The recent mania—“Georgian on My Mind”?—infects more than residential real estate. In the same upscale neighborhood of Highland Park, my university, founded in 1911, has developed a campus that took its original design and shape from Thomas Jefferson’s for the University of Virginia. The perfect, modest rotunda in Charlottesville, harking back to the Pantheon in Rome, is an exquisite building bounded at right angles by small arcaded dormitories extending along the length of a green. In Texas, bigger is usually thought better. The optimistic, confident founders of SMU not only imitated the Jefferson rotunda but also enlarged it: the university’s first building sits at the top of a small incline and commands a campus filled with Georgian buildings, some of which are enormous, others more modest in scale.
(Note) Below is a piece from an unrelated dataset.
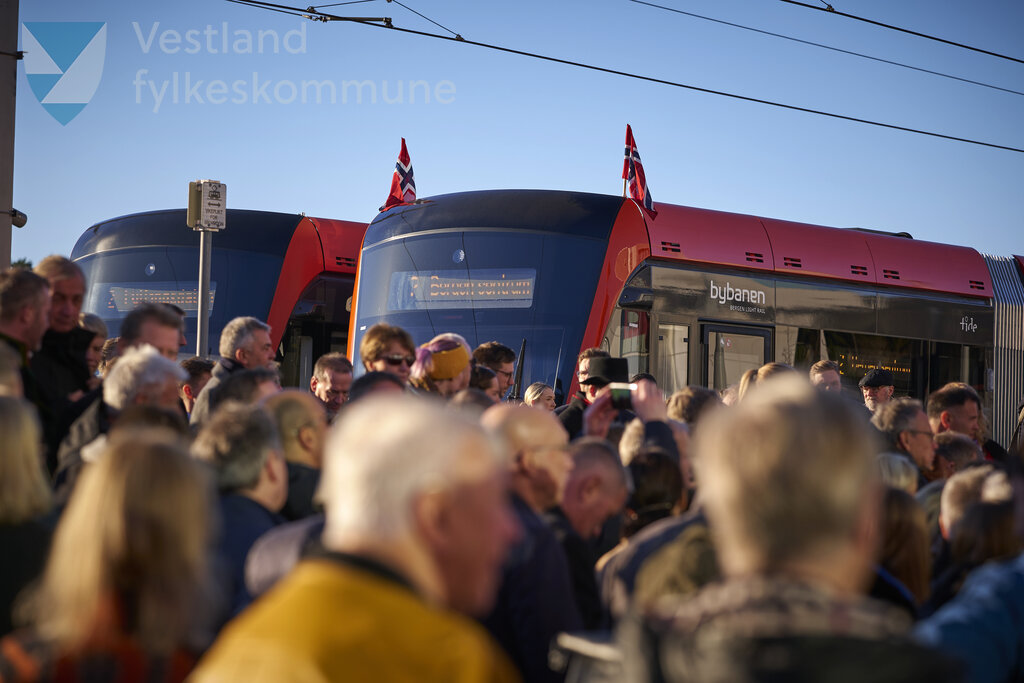 Biletet syner menneske som var til stades under markeringa av at Bybanen til Fylingsdalen er ferdig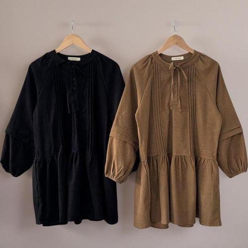 [보니스팍스(여성의류)]소매 퍼프 셔링 러블리 롱 원피스 (XP5OP022M0)

These include everything: parking garages, gymnasium, football stadium, dormitories, and classrooms, all constructed of red brick unrelieved by ivy or ornament other than the entirely unnecessary columns and pilasters that announce to passersby, “We are an institution of higher learning.” Like all university architectural idioms—the faux Gothic of Princeton and Duke, the faux Georgian of Harvard’s 1930s residential houses, the mishmash of Yale—SMU’s Herculean-Georgian takes a symbolic stand with its chosen architectural leitmotif, in this case a deeply conservative one.
When the university recently built a new museum for its small, excellent collection of Spanish art donated by the late oilman Algur Meadows, it might have commissioned something extraordinary or at least unusual. Many forward-looking locals hoped that the university would extend an invitation to Santiago Calatrava, to whom it had just given an arts award. Instead, Calatrava contributed only a single work, a sculpture-fountain whose rising and falling metal beams hypnotically mimic the movement of a wave. This piece stands in front of the aggressively Georgian museum that looks like a mausoleum perched atop a parking garage. The shiny, steely, modern fountain in fact seems out of place. My university’s trustees, many of them Dallas burghers, will take risks in business but seldom in artistic matters. All universities now commit themselves to the idea of diversity in education. We want diverse student populations and more varied curricula. But my school also insists on keeping up an architectural homogeneity. A manicured, uniform campus—however beautiful—has meaning, intended or not.